What did Donald Trump do today?
He took his mobile COVID-19 hotspot to South Dakota.
Trump held a campaign rally today in front of South Dakota's Mount Rushmore. Officially, the "Salute to America" was billed as official work, meaning taxpayers picked up the bill, and not Trump's campaign. But his campaign was there in force, including Kimberly Guilfoyle, who is a top advisor to the campaign and his eldest son's girlfriend.
Guilfoyle announced today that she had tested positive for COVID-19. She had been working on-site in the days leading up to the event, which had been pointedly advertised as being free of any social distancing measures. She's not the only Trump loyalist to become ill doing advance work. Former Republican presidential candidate Herman Cain has been hospitalized since testing positive shortly after Trump's ill-fated Tulsa rally. Six other Trump staffers also tested positive, including two Secret Service agents.
More agents at the Tulsa rally have reportedly fallen ill since. Some of them were ordered not to get tested until several days later, which would allow for some doubt as to whether any positive tests were the result of the Tulsa rally. (There is no medical reason to delay testing.)
Vice-President Mike Pence also caused an outbreak among his Secret Service detail and advance team during a different quasi-campaign trip to Arizona. At least eight agents contracted the virus there, and Pence was forced to delay the trip because he had effectively run out of healthy Secret Service agents who had not been in close contact with those who tested positive. Remarkably for the agency, which is famously discreet, staff there are telling reporters about genuine anger at the Trump administration for needlessly exposing agents to the virus.
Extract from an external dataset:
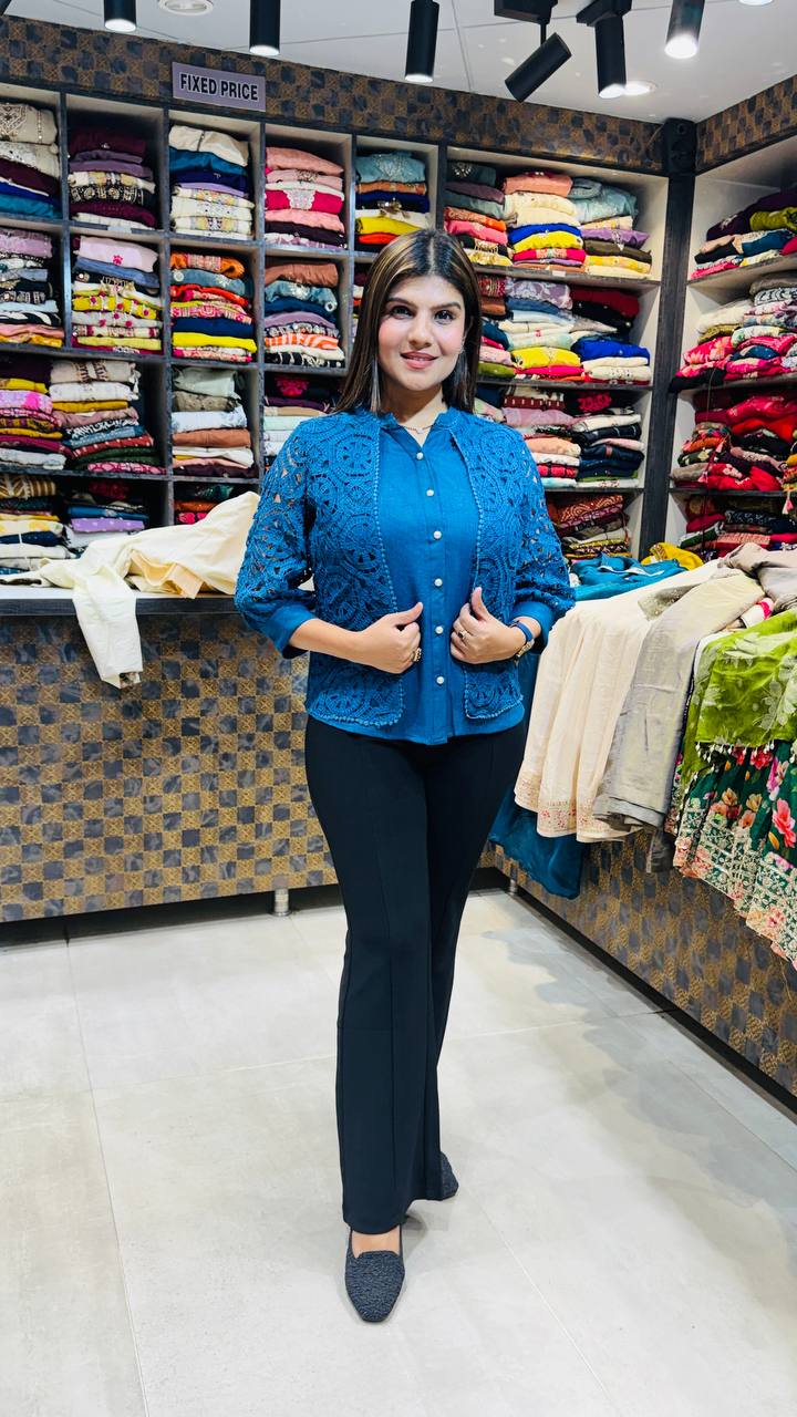 🧵 Design: Cutwork lace overlay with inner layer & front button detailing

Trump's rally tonight came in violation of his own official administration guidelines for when it's safe to reopen. By the most charitable interpretation, South Dakota would be in Phase One of the three-phase reopening plan—and even in phase three, large events are still supposed to have "limited physical distancing protocols."
Guilfoyle and anyone she may have passed the virus to are in good company, though. Another 57,000 Americans tested positive today, yet another daily record.
All of this came as Trump is preparing to pivot to a new political framing of the pandemic, now that essentially all hope is lost of containing the virus before a vaccine is developed. As one staffer put it, Trump's new plan is to tell Americans to learn to "live with it."
Why does this matter?
- The health and safety of the American people is more important than Donald Trump's need for attention.
- That includes the Americans whose job it is to keep Trump safe even at the risk of their own lives.